──────── RECORDS TO PROCESS

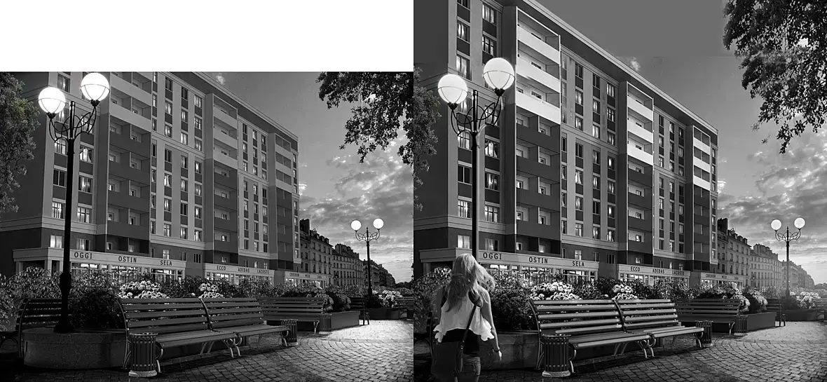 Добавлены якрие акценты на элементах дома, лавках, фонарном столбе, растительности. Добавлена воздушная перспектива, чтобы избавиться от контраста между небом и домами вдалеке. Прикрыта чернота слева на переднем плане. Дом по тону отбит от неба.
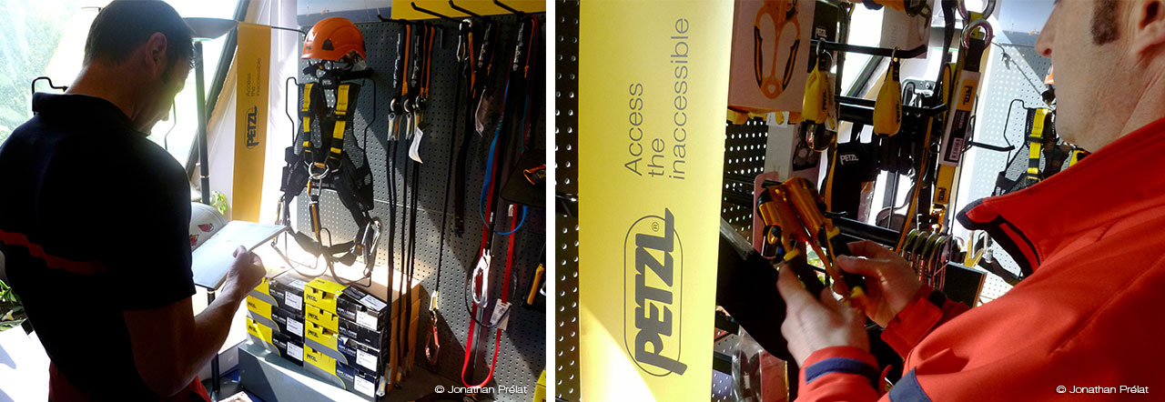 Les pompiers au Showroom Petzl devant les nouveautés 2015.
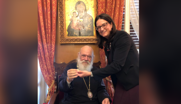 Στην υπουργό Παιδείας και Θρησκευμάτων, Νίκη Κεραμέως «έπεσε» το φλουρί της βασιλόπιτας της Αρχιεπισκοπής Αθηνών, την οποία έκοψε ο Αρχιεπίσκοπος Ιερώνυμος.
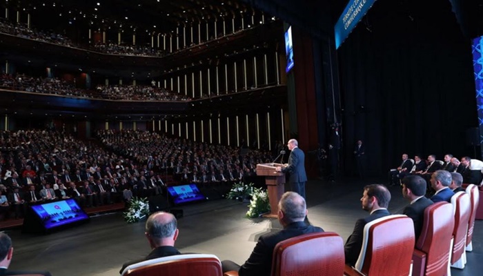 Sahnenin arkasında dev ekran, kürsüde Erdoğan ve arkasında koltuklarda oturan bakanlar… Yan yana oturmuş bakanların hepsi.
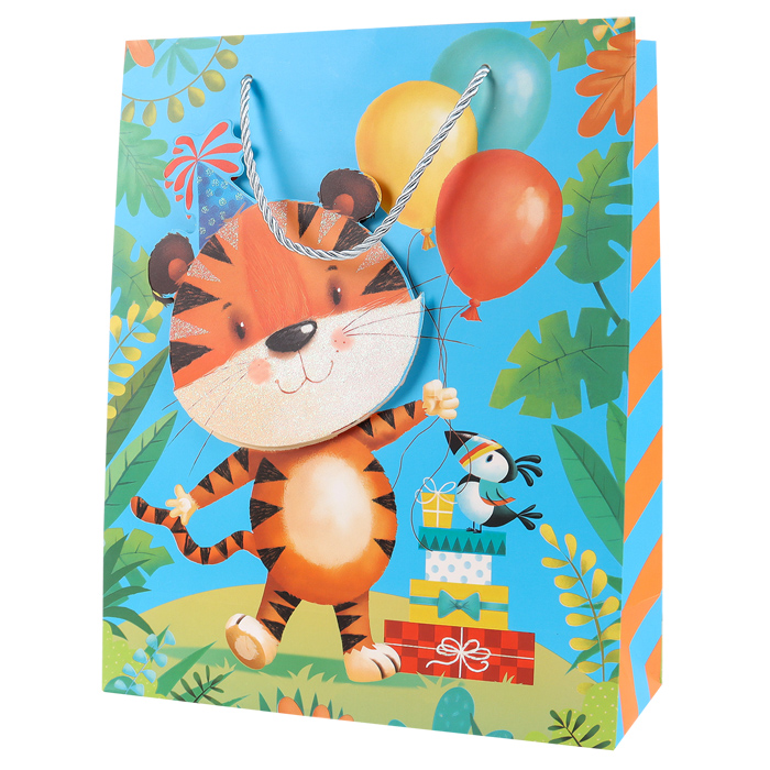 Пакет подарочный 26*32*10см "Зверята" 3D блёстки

────────────────

▶ **AIM OF THE TASK**
Word for word, give again the lines from the line with "Στην υπουργό Παιδείας" through the end of the records above, with both ends included and the pictures left out.

▶ **TASK ANSWER**
 Στην υπουργό Παιδείας και Θρησκευμάτων, Νίκη Κεραμέως «έπεσε» το φλουρί της βασιλόπιτας της Αρχιεπισκοπής Αθηνών, την οποία έκοψε ο Αρχιεπίσκοπος Ιερώνυμος.
 Sahnenin arkasında dev ekran, kürsüde Erdoğan ve arkasında koltuklarda oturan bakanlar… Yan yana oturmuş bakanların hepsi.
 Пакет подарочный 26*32*10см "Зверята" 3D блёстки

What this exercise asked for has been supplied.